- **What is expected**
Copy each line below exactly as it appears. Pictures are to be omitted.

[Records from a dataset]
····················
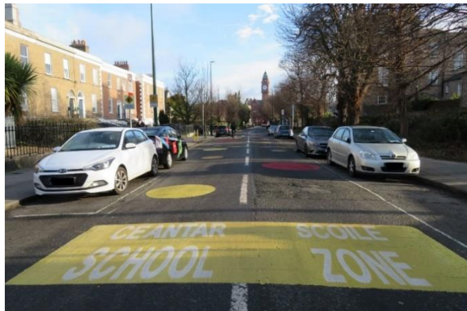
Image 4: Example road surface sign for School Zone, Leinster Road, Rathmines, Dublin 6

2 School Zone road surface signs will be painted directly on the road on James's Place East. The entrances to the school zone is marked with these painted yellow boxes at the beginning and end of James Place East and reads SCHOOL ZONE: CEANTAR SCOILE. This alerts road users that they are coming up to a school.
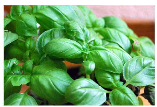
Ocimum basilicum (edible basil)
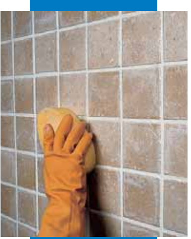
Finishing of single fired tile wall with a sponge
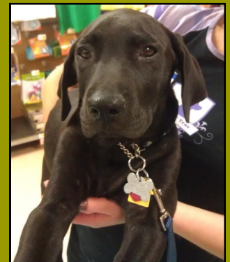
Pumpernickel- Clinton, CT
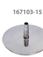
167103-15 Stainless steel cover for 500ml funnel
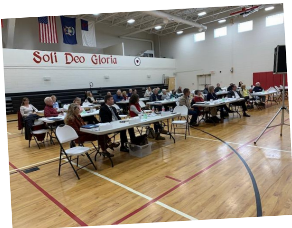
Our Savior Participants
····················
- **Output for this exercise**
Image 4: Example road surface sign for School Zone, Leinster Road, Rathmines, Dublin 6

2 School Zone road surface signs will be painted directly on the road on James's Place East. The entrances to the school zone is marked with these painted yellow boxes at the beginning and end of James Place East and reads SCHOOL ZONE: CEANTAR SCOILE. This alerts road users that they are coming up to a school.
Ocimum basilicum (edible basil)
Finishing of single fired tile wall with a sponge
Pumpernickel- Clinton, CT
167103-15 Stainless steel cover for 500ml funnel
Our Savior Participants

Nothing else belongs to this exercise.